### Dataset items:
+--
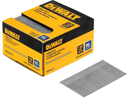 DEWALT 16-GAUGE STRAIGHT FINISH NAILS - 1-3/4"DeWalt DCS16 series 16-gauge straight finish nails are designed for interior trim and finish work. Made from galvanized carbon steel with a chisel point for reduced material splitting, these nails deliver consistent drivability in 16-gauge straight finish nailers.
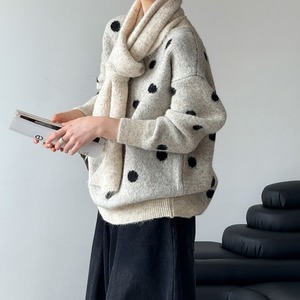 ドット柄 クルーネックニット N00172
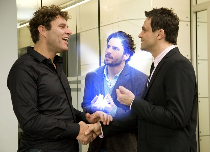 Zunächst kann sein Chef (Wolfgang Maria Bauer, l.) nicht glauben, dass ausgerechnet der Versager Torsten Lang (Michael Rotschopf, r.) diese tolle Erfindung gemacht hat. Doch zu Toms (Stephan Luca, M.) großem Entsetzen beginnt er dann doch, an dessen Geschichte zu glauben ...Bild: © ATV II
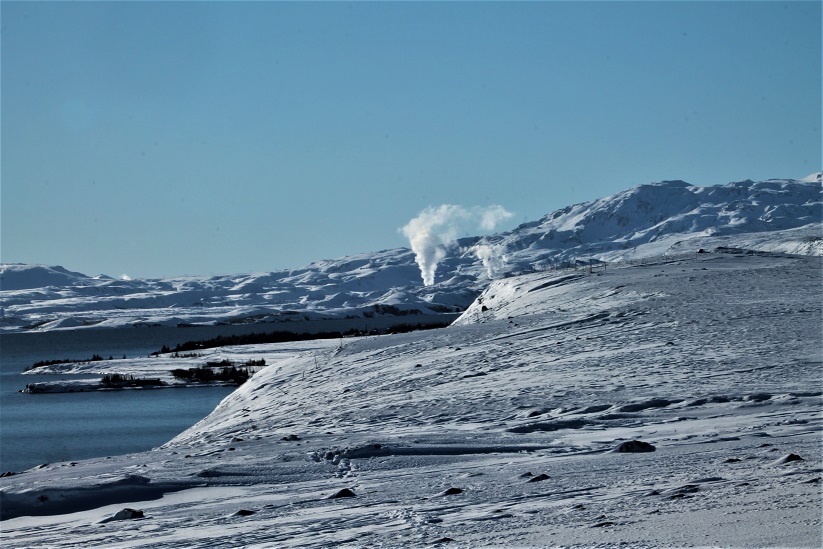 景致很好, 尤其是几乎沸腾的水柱向上喷发时,人群中惊叫连连, 相机手机咔嚓个不停。可惜的是周围泥泞不堪, 有的路还覆盖着黑冰, 不时有人摔倒。为了保证旅途不出意外,劳工们就半途而返了(尤其是C劳工, 因为擅长雪地开车, 被列为熊猫级团宝, 属重点保护对象)。 俩女流则兴致勃勃地转悠了一大圈才返回车上。至此发现, 冰岛的景点没有另行收费的。让人在旅行时比较放松迪欣赏自然美景。
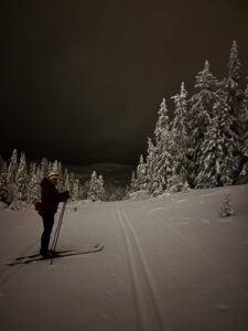 Løypa er merket med refleksbånd som lyser opp når hodelykten treffer – noe som gir en helt spesiell stemning i vintermørket. Dette er en annerledes og sosial trimtur som garantert gir både ro og energi!
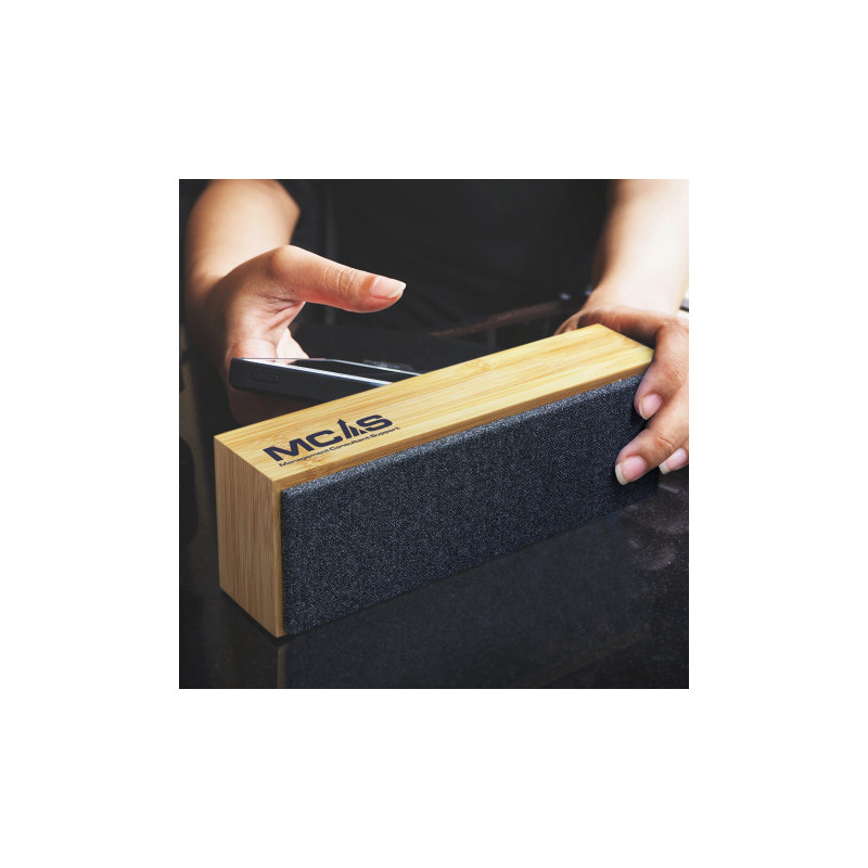Smart 5W Bluetooth speaker which is compatible with most mobile devices that support Bluetooth. Manufactured from bamboo with a heather polyester front, Sublime is the perfect addition to any setting. It has a wireless connectivity range of over 10 metres and a playing time of approximately 6 hours depending on the volume. It is easily recharged from a...
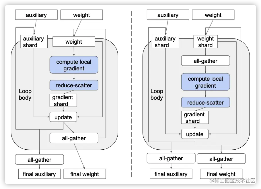 左图和右图的区分是:循环内权重的all-gather位置不同,左图是在update之后立即做weight all-gather,右图是计算梯度之前做weight all-gather,并且在跳出循环之后还要做一次all-gather。
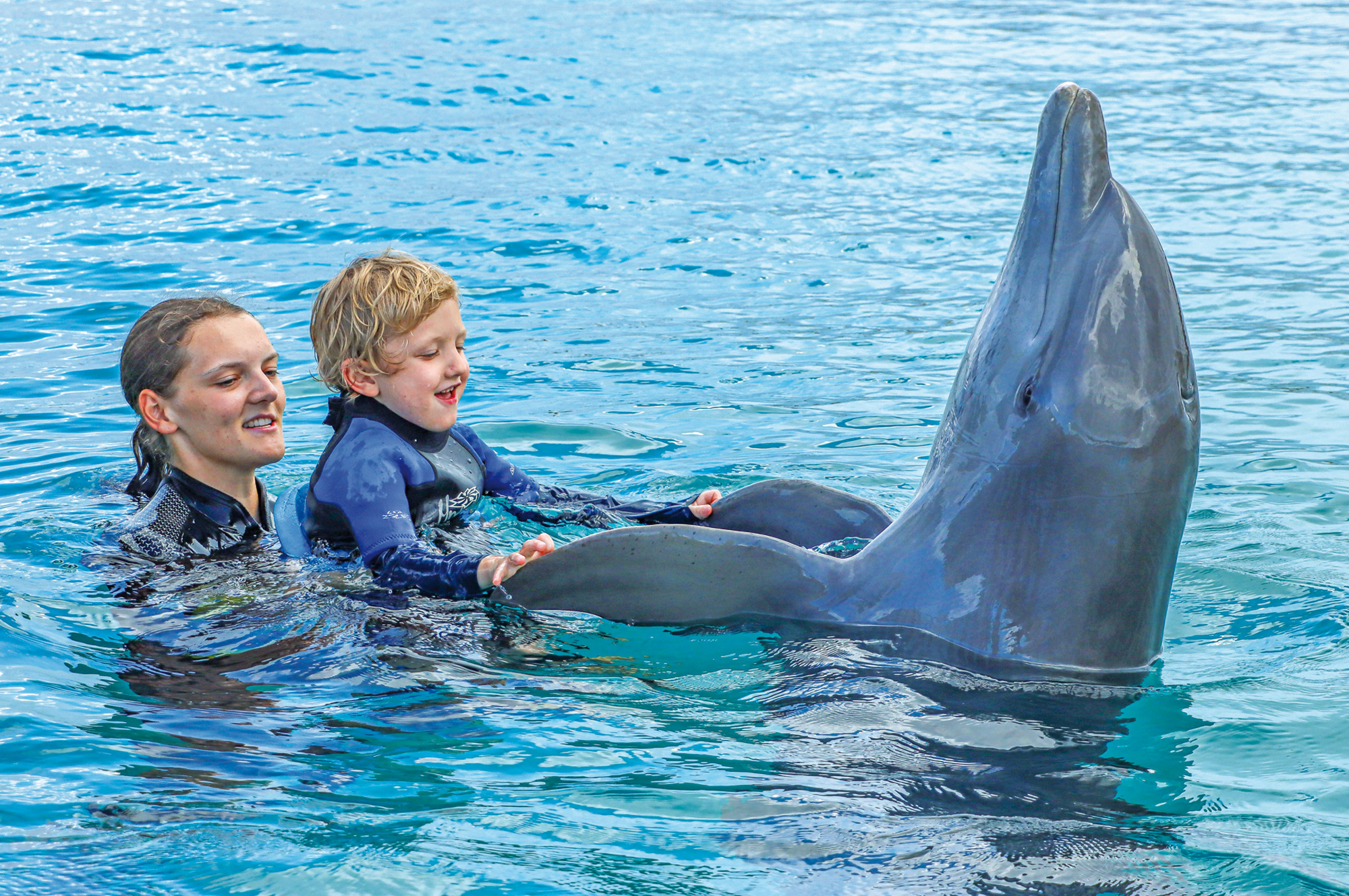 Die Mutter eines Kindes, das in einer ähnlichen Situation wie Loy war, erzählt Yvonne eines Tages von der Delphin-Therapie auf der Karibikinsel Curaçao. „Mir erschien sowas völlig absurd, vor allem wegen der Kosten“, erinnert sich Yvonne. Aber dann kommt der vormalige VST-Präsident Fidji Fiala bei den Neumanns daheim zu Besuch, und er ermuntert Yvonne, sich weltweit nach passenden Therapien für ihr Kind umzusehen. „Und da bin ich immer und immer wieder auf die Delphin-Therapie gestoßen.“
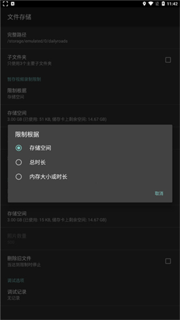 答:应用自带循环录像功能,你设定好存储空间上限,它会自动覆盖最早的视频文件。
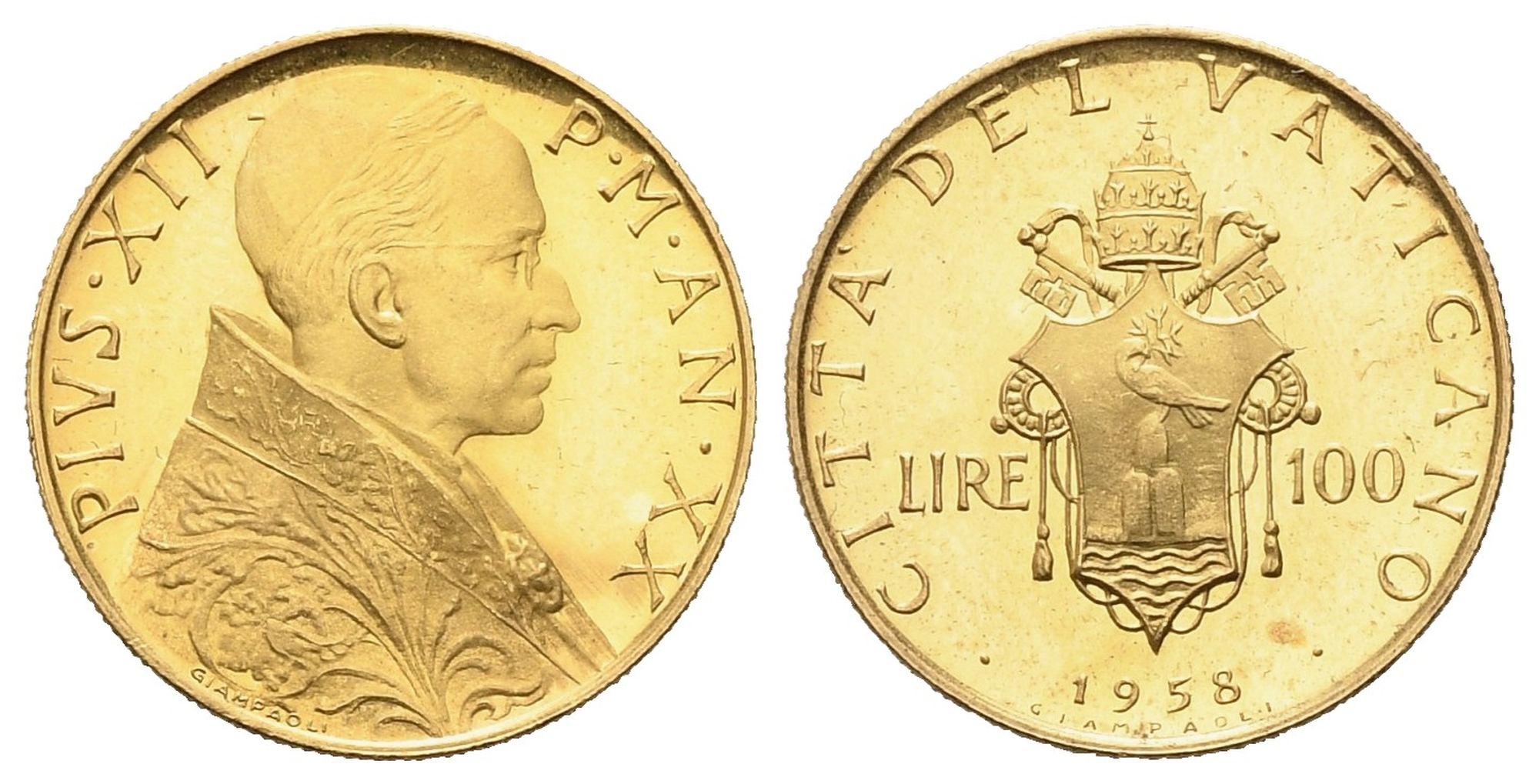 CITTA' DEL VATICANO. Pio XII (1939-1958). 100 lire 1958. Au (5,20 g). Gig....
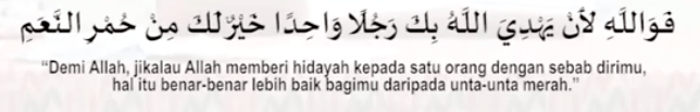 Dalam bait syari 85, satu orang yang Allah beri hidaya kepadanya, disebabkan karena kamu untuk hal tersebut lebih baik di hari kiamat dari pada unta-unta merah.
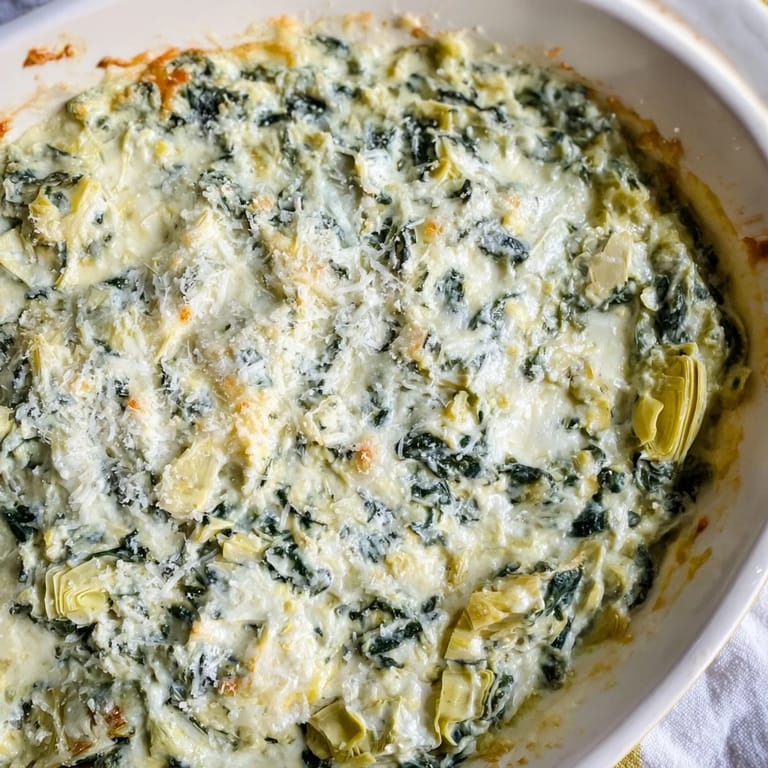 Save A creamy, cheesy dip loaded with tender spinach and artichoke hearts, perfect for serving warm with bread or crackers as a comforting appetizer.
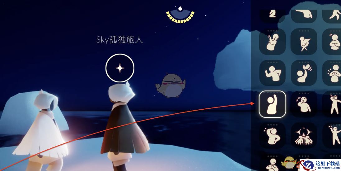 点击屏幕上方中间动 找到招手动作 面对好友 点击并完成招手即可
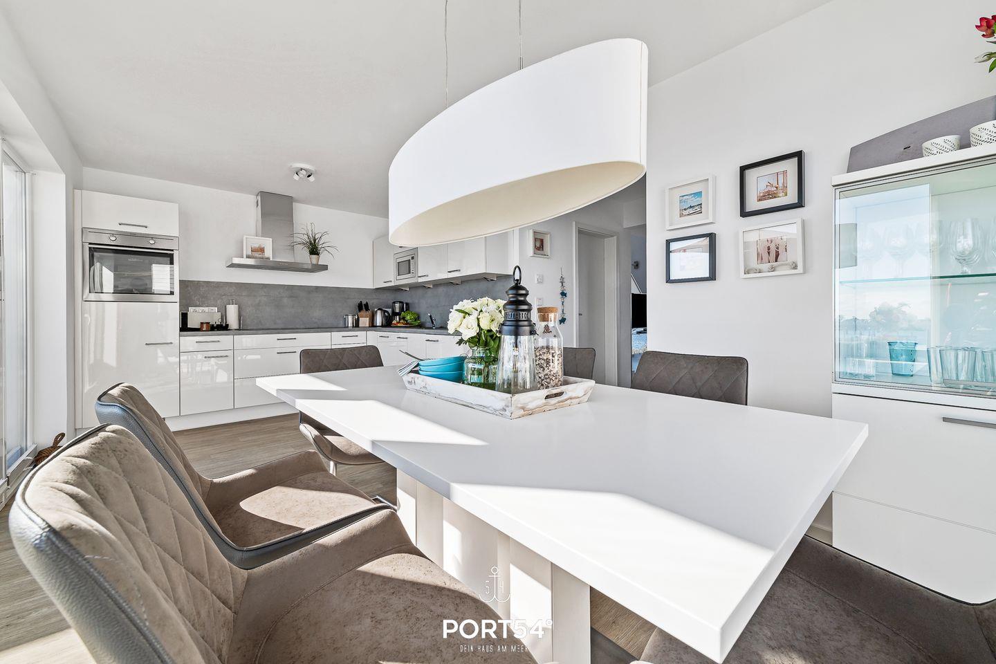 Herzlich willkommen in der Ferienwohnung "Sea Bay" - hier erleben Sie nicht nur einen, sondern gleich zwei atemberaubende Aussichten mit einem fast 360-Grad-Wasserblick! Diese großzügige Wohnung erstreckt sich über zwei Etagen und bietet auf ca. 97m² zu jeder Jahreszeit den perfekten Ausgangspunkt für einen unvergesslichen Ostseeurlaub. Das erste Obergeschoss präsentiert einen lichtdurchfluteten Wohnbereich mit einem einladenden Kaminofen, perfekt für gemütliche Stunden. Hier finden Sie zudem ein modernes Duschbad vor. Die angrenzende und halboffene Küche mit Essbereich gewährt Ihnen den Zugang zur großzügigen Terrasse. Hier lassen sich laue Sommerabende, ausgestattet mit gemütlichen Gartenmöbeln, einem Sonnenschirm und einem praktischen Elektro-Grill, in vollen Zügen genießen. Im zweiten Obergeschoss erwarten Sie zwei Schlafzimmer und ein weiteres Tageslichtbad. Ein Schlafzimmer ist mit einem TV und einem komfortablen Doppelbett (180x200cm) ausgestattet, während das andere mit zwei Einzelbetten (je 90x200cm) erholsame Nächte verspricht. Beide Schlafzimmer lassen sich durch Vorhänge vollständig verdunkeln. Das große Bad besticht nicht nur durch eine Badewanne, sondern auch mit einer Infrarot-Sauna, die für ultimative Entspannung sorgt. Ob Erholung im Wellnessbad, geselliges Kochen in der vollausgestatteten Küche oder gemütliche Abende vor dem Kamin - in der "Sea Bay" findet jeder sein persönliches Wohlfühlplätzchen. Für die kleinsten Gäste stehen ein Kinderreisebett, ein Hochstuhl und ein Hocker bereit. Auch Ihre vierbeinigen Begleiter sind gegen eine Gebühr herzlich willkommen, damit auch sie die Ostsee in vollen Zügen genießen können.
+--
### YOUR GOAL:
If a line comes after the line with "答:应用自带循环录像功能,你设定好存储空间上限,它会自动覆盖最早的视频文件。", it stays out; print exactly every line from the start of the entries up to and including that line, but no pictures.

### RESULT OF THE EXERCISE:
 DEWALT 16-GAUGE STRAIGHT FINISH NAILS - 1-3/4"DeWalt DCS16 series 16-gauge straight finish nails are designed for interior trim and finish work. Made from galvanized carbon steel with a chisel point for reduced material splitting, these nails deliver consistent drivability in 16-gauge straight finish nailers.
 ドット柄 クルーネックニット N00172
 Zunächst kann sein Chef (Wolfgang Maria Bauer, l.) nicht glauben, dass ausgerechnet der Versager Torsten Lang (Michael Rotschopf, r.) diese tolle Erfindung gemacht hat. Doch zu Toms (Stephan Luca, M.) großem Entsetzen beginnt er dann doch, an dessen Geschichte zu glauben ...Bild: © ATV II
 景致很好, 尤其是几乎沸腾的水柱向上喷发时,人群中惊叫连连, 相机手机咔嚓个不停。可惜的是周围泥泞不堪, 有的路还覆盖着黑冰, 不时有人摔倒。为了保证旅途不出意外,劳工们就半途而返了(尤其是C劳工, 因为擅长雪地开车, 被列为熊猫级团宝, 属重点保护对象)。 俩女流则兴致勃勃地转悠了一大圈才返回车上。至此发现, 冰岛的景点没有另行收费的。让人在旅行时比较放松迪欣赏自然美景。
 Løypa er merket med refleksbånd som lyser opp når hodelykten treffer – noe som gir en helt spesiell stemning i vintermørket. Dette er en annerledes og sosial trimtur som garantert gir både ro og energi!
Smart 5W Bluetooth speaker which is compatible with most mobile devices that support Bluetooth. Manufactured from bamboo with a heather polyester front, Sublime is the perfect addition to any setting. It has a wireless connectivity range of over 10 metres and a playing time of approximately 6 hours depending on the volume. It is easily recharged from a...
 左图和右图的区分是:循环内权重的all-gather位置不同,左图是在update之后立即做weight all-gather,右图是计算梯度之前做weight all-gather,并且在跳出循环之后还要做一次all-gather。
 Die Mutter eines Kindes, das in einer ähnlichen Situation wie Loy war, erzählt Yvonne eines Tages von der Delphin-Therapie auf der Karibikinsel Curaçao. „Mir erschien sowas völlig absurd, vor allem wegen der Kosten“, erinnert sich Yvonne. Aber dann kommt der vormalige VST-Präsident Fidji Fiala bei den Neumanns daheim zu Besuch, und er ermuntert Yvonne, sich weltweit nach passenden Therapien für ihr Kind umzusehen. „Und da bin ich immer und immer wieder auf die Delphin-Therapie gestoßen.“
 答:应用自带循环录像功能,你设定好存储空间上限,它会自动覆盖最早的视频文件。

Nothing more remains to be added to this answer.